Illinois Law Firm Pays $27.5 Million for Age Discrimination
January 23rd, 2008 Posted by AmeliaAn international law firm recently settled an EEOC suit for age discrimination by paying $27.5 million to 31 former partners. The law firm of Sidley, Austin, Brown and Wood denies EEOC allegations that law partners were forced out of the partnership due to their age, but the settlement has been approved by a federal judge.
The payment will be divided amongst the 32 claimants, many former partners who were forced out under a 1999 reorganization. Included in those claimants are also partners who have been forced out since Sidley, Austin’s implementation of a mandatory retirement policy in 1978.
Under the terms of the settlement, the average payout for each employee is just under $860,000. The highest payment to any one former partner is $1,835,510.
In 2005, the EEOC brought suit against Sidley, Austin under the federal Age Discrimination in Employment Act or ADEA. The ADEA prohibits discrimination based on age against workers who are over the age of 40. The ADEA or Age Discrimination in Employment Act of 1967 applies to employers with 20 or more employees and prohibits making employment decisions based on age, including hiring, termination, promotions, training, salary and benefits.
Sidley, Austin, Brown & Wood launched a creative defense in the case, as one might expect from a law firm. While Sidley, Austin did not deny forcing the partners out, it argued that partners in a law firm are not “employees” under the ADEA. That argument has been overturned, and as part of the agreement the firm agrees that “each person for whom EEOC has sought relief in this matter was an employee with the meaning of the ADEA.”
The settlement also includes an injunction that bars Sidley, Austin from terminating, expelling, retiring, or reducing the compensation of partners, or changing their partnership status due to age. The firm is also prohibited from creating or perpetuating any informal or formal policy requiring that partners retire once they reach a certain age. Any policy requiring that the remaining partners give permission for a partner to continue to practice once he or she reaches a certain age, is also prohibited.

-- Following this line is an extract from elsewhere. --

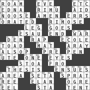 ACROSS 1. Wander 5. Night before a holiday 8. And so on (abbr.) 11. Pulitzer Prize-winning author Ferber 12. Tall New Zealand timber tree 14. Help 15. Trap for birds or small mammals 17. So be it 18. Blunders 19. Declaimed 21. Full of chinks, cracks, or crevices 23. Part of a journey 25. Moves 26. Son of Isaac 27. Conclude 28. Armed conflict 31. Lair 33. Hit sharply and swiftly 35. Learning spot: Fr. 37. Frog relative 38. Floor covering 40. Like ___ of sunshine 41. Columnist Joseph or Stewart 43. Before (prefix) 45. Writing instrument 46. Shoshoni 47. Single 50. Sight organs 52. Portico 53. From 54. College paper 56. Takes place subsequently 61. Type of rug 62. Bristle 65. Small fatty European fish 66. To separate or throw off 67. Liveliness 68. Legendary monster 69. Snakelike fish 70. R.R. building 71. Portable shelter DOWN 1. Western Nevada city 2. Aroma 3. Small Philippine buffalo 4. Vertical spar for supporting sails 5. Period 6. Zeal 7. Develop 8. Hearing organs 9. Become fatigued 10. Music discs 13. The state of being joined or united 16. Snakelike fish 18. Greek goddess of the dawn 20. Letter starter 22. Ancient Persian 24. Island territory of the United States 26. Inside; within (prefix) 28. Had on 29. ____ Jay Lerner 30. Marina Del _, California 31. Stupid person 32. Comfort 34. Infant food 36. Smile enhancers 37. The 19th letter of the Greek alphabet 39. Unclean, religiously 42. Plant holders 44. Jane of fiction 48. Annoying sound 49. Artist's stands 51. Immeasurably long periods of time 52. Ocean 54. Family _ (genealogy) 55. Person who is morally reprehensible 57. Blemish 58. Goad 59. Merit 60. Proofreading order 61. "We ___ not amused" (Victoria) 63. Make lace 64. Santa ___, CA

“This case has been closely followed by the legal community as well as by professional services providers generally,” Says Ronald S. Cooper, general counsel of the EEOC. “It shows that EEOC will not shrink from pursuing meritorious claims of employment discrimination wherever they are found. Neither the relative status of the protected group members not the resources and sophistication of the employer were dispositive here.”
This landmark case determined that except for a very few managing partners at the top, most “partners” at Sidley, Austin appeared to be ordinary employees “not unlike their colleagues at parallel levels in the business community” argued the EEOC. Therefore, the partners were covered by the ADEA.
A major issue was the fact that the firm’s attorneys had no voice in the control of the firm, and could be fired without notice, or without the consent of their fellow attorneys, just like any other employee.
According to the firm’s website, Sidley, Austin, Brown & Wood, based in Chicago, has 1,800 attorneys on three continents with offices in Dallas, Los Angeles, New York, San Francisco, Washington, D.C., Beijing, Brussels, Geneva, Hong Kong, London, Shanghai, Singapore and Tokyo.
In addition to enforcing the ADEA, the Equal Employment Opportunity Commission or EEOC also enforces a number of other laws protecting workers from discrimination. This includes Title VII of the Civil Rights Act of 1964 which prohibits discrimination in employment based on race, color, religion, sex or national origin. The law also protects employees who file complaints about discrimination from retaliation. The EEOC also enforces the Equal Pay Act of 1963, which prohibits gender-based wage discrimination. In addition, the EEOC enforces the Rehabilitation Act of 1973, which prohibits employment discrimination against people with disabilities in the federal sector and the ADA, or Americans with Disabilities Act, which prohibits discrimination against people with disabilities in the private sector.